Das Militär hatte das Lager von Sde Teiman in der Nähe der südisraelischen Stadt Beerscheba nach dem Terrorüberfall vom 7. Oktober errichtet. Die Armee inhaftiert dort nach eigenen Angaben Terrorverdächtige und Militante, die im Zuge des Gaza-Krieges festgenommen wurden. Nach israelischer Lesart handelt es sich bei ihnen um "illegale Kombattanten". Damit ist gemeint, dass sie als Mitglieder einer Terrororganisation keinen Schutz eines Kriegsgefangenen erhalten und für sie auch nicht die dritte Genfer Konvention mit detaillierten Regeln über die Behandlung von Kriegsgefangenen gilt. Diese Praxis ist international umstritten.

Palästinenser auf Motorhaube

Die deutsche Regierung hat den Umgang israelischer Soldaten mit einem Palästinenser in der Stadt Dschenin verurteilt und gefordert, der Fall dürfe nicht folgenlos bleiben. Die Videoaufnahmen von einem Verletzten auf der Motorhaube eines Armee-Fahrzeugs seien "schwer zu ertragen", sagte ein Sprecher des Auswärtigen Amts am Montag in Berlin.

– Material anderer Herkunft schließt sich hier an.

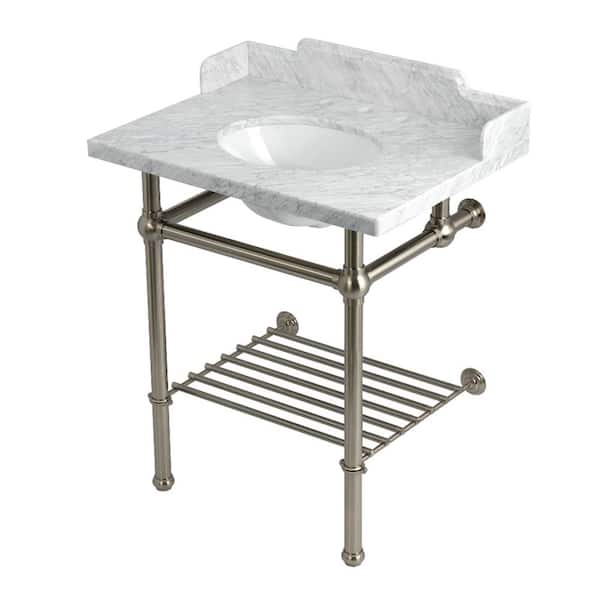 Pemberton 30 in. Marble Console Sink with Brass Legs in Marble White/Brushed Nickel
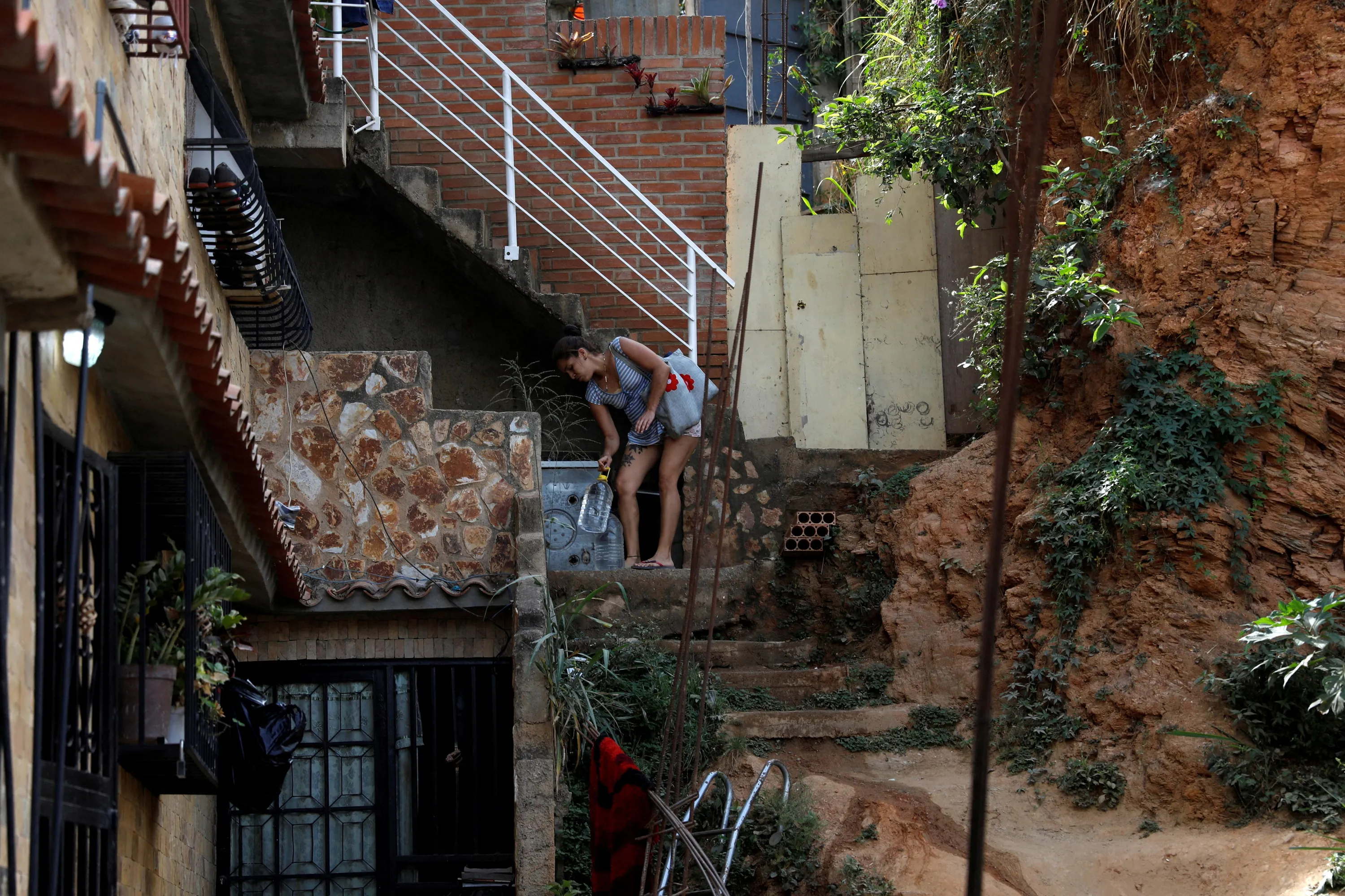 A pregnant women carries bottles of water from a natural creek amid water shortages across the country, in Caracas, Venezuela on March 22, 2022. (Photo by Leonardo Fernandez Viloria/Reuters)

Bei einem Militäreinsatz im Westjordanland hatten israelische Soldaten einen verletzten Palästinenser auf die Motorhaube eines Fahrzeugs gebunden. Die Armee bestätigte am Sonntag den Vorfall vom Vortag. In dem Video ist zu sehen, wie der Jeep mit dem Mann auf der Haube an zwei Krankenwagen vorbeifährt. In der Stellungnahme der Armee hieß es, die Soldaten seien auf dem Weg zu einem Anti-Terror-Einsatz im Großraum der Stadt Dschenin gewesen. Dabei seien sie beschossen worden und hätten das Feuer erwidert. "Während des Schusswechsels wurde einer der Verdächtigen verletzt und festgenommen." Die Soldaten hätten im Militär geltende Regeln verletzt, als sie den Mann auf der Motorhaube festbanden. Der Vorfall werde untersucht und "entsprechend behandelt" werden. Der verletzte Verdächtige sei dem Roten Kreuz zur medizinischen Behandlung übergeben worden. (TT, dpa)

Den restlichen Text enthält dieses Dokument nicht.